WHAT TO WORK ON:
Quote the records that follow in full, leaving the pictures out.

SOURCE DATA:

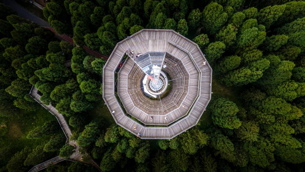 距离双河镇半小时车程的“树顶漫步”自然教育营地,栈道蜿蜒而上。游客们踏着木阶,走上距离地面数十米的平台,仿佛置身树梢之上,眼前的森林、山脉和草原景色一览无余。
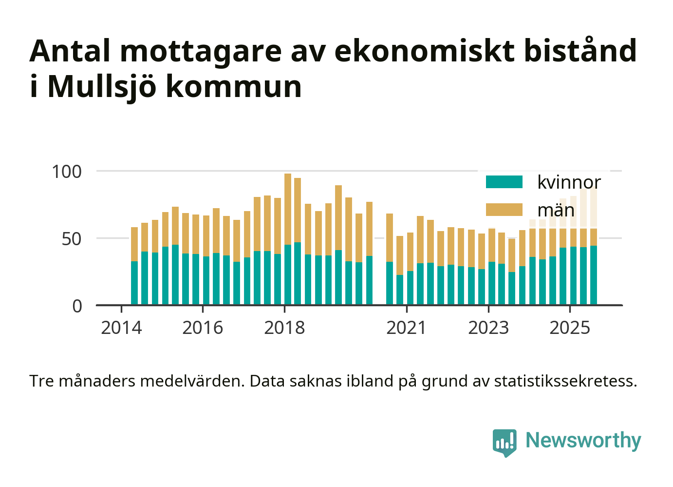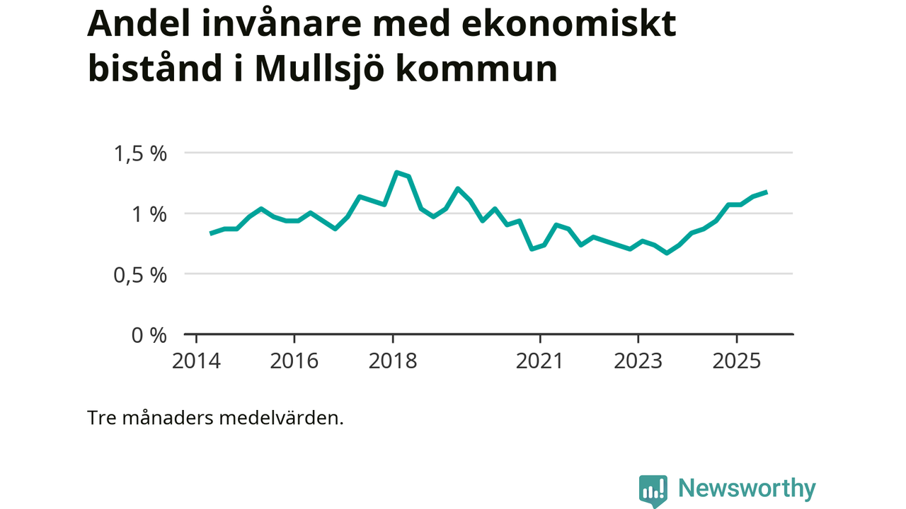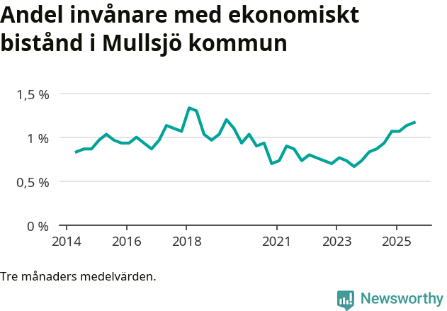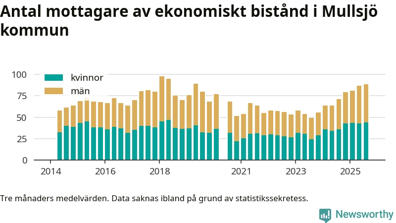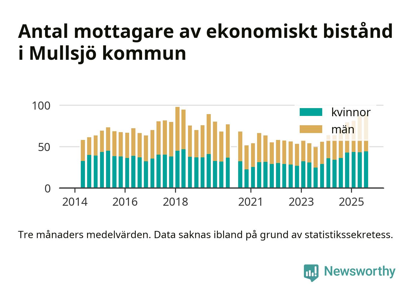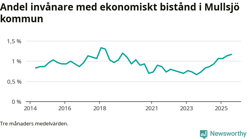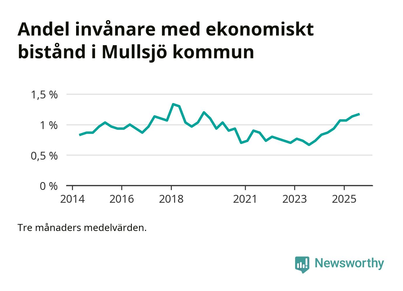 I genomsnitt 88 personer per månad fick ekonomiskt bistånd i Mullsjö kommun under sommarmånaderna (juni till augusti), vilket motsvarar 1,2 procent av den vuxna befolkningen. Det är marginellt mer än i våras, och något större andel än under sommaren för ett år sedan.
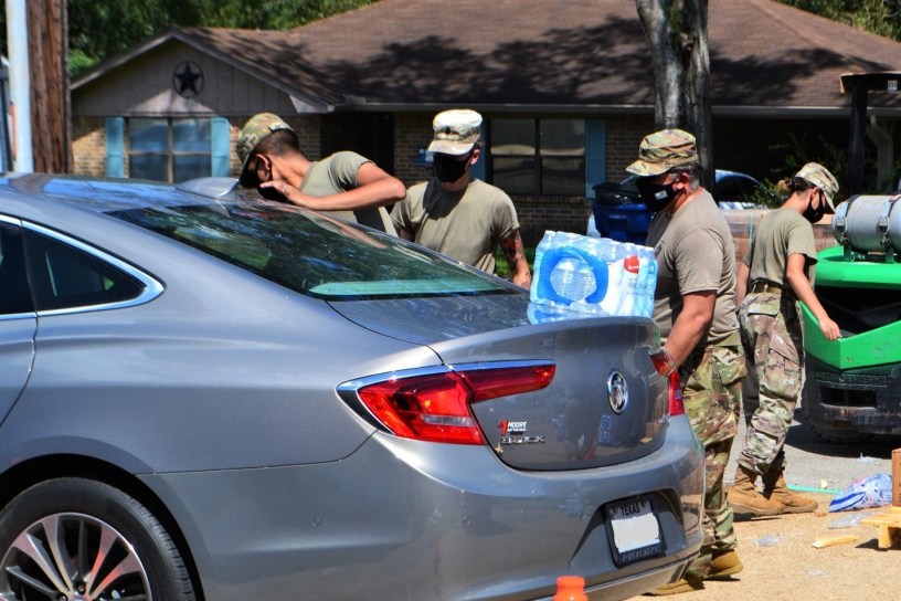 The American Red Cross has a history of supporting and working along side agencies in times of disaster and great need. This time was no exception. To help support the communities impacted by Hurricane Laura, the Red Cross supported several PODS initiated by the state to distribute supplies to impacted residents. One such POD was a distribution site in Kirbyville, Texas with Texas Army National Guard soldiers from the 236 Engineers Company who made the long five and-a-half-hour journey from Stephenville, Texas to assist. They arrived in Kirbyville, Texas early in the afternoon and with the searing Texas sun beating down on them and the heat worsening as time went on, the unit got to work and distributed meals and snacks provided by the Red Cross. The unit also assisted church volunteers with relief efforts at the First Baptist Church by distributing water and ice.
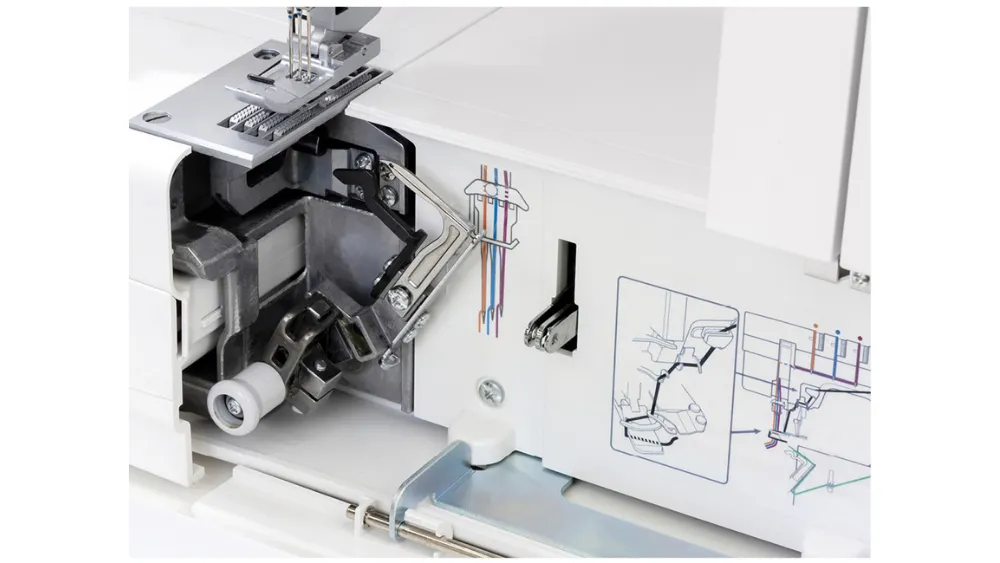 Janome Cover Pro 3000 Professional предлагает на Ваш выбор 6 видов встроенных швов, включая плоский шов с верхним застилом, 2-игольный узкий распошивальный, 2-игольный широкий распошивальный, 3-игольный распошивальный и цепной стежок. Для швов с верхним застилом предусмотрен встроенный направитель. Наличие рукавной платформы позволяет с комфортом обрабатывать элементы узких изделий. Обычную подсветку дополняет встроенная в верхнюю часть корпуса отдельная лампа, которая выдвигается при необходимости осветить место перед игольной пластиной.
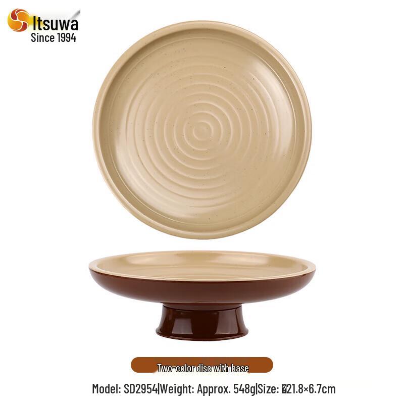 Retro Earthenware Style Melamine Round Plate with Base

PROBLEM SOLUTION:
 距离双河镇半小时车程的“树顶漫步”自然教育营地,栈道蜿蜒而上。游客们踏着木阶,走上距离地面数十米的平台,仿佛置身树梢之上,眼前的森林、山脉和草原景色一览无余。
 I genomsnitt 88 personer per månad fick ekonomiskt bistånd i Mullsjö kommun under sommarmånaderna (juni till augusti), vilket motsvarar 1,2 procent av den vuxna befolkningen. Det är marginellt mer än i våras, och något större andel än under sommaren för ett år sedan.
 The American Red Cross has a history of supporting and working along side agencies in times of disaster and great need. This time was no exception. To help support the communities impacted by Hurricane Laura, the Red Cross supported several PODS initiated by the state to distribute supplies to impacted residents. One such POD was a distribution site in Kirbyville, Texas with Texas Army National Guard soldiers from the 236 Engineers Company who made the long five and-a-half-hour journey from Stephenville, Texas to assist. They arrived in Kirbyville, Texas early in the afternoon and with the searing Texas sun beating down on them and the heat worsening as time went on, the unit got to work and distributed meals and snacks provided by the Red Cross. The unit also assisted church volunteers with relief efforts at the First Baptist Church by distributing water and ice.
 Janome Cover Pro 3000 Professional предлагает на Ваш выбор 6 видов встроенных швов, включая плоский шов с верхним застилом, 2-игольный узкий распошивальный, 2-игольный широкий распошивальный, 3-игольный распошивальный и цепной стежок. Для швов с верхним застилом предусмотрен встроенный направитель. Наличие рукавной платформы позволяет с комфортом обрабатывать элементы узких изделий. Обычную подсветку дополняет встроенная в верхнюю часть корпуса отдельная лампа, которая выдвигается при необходимости осветить место перед игольной пластиной.
 Retro Earthenware Style Melamine Round Plate with Base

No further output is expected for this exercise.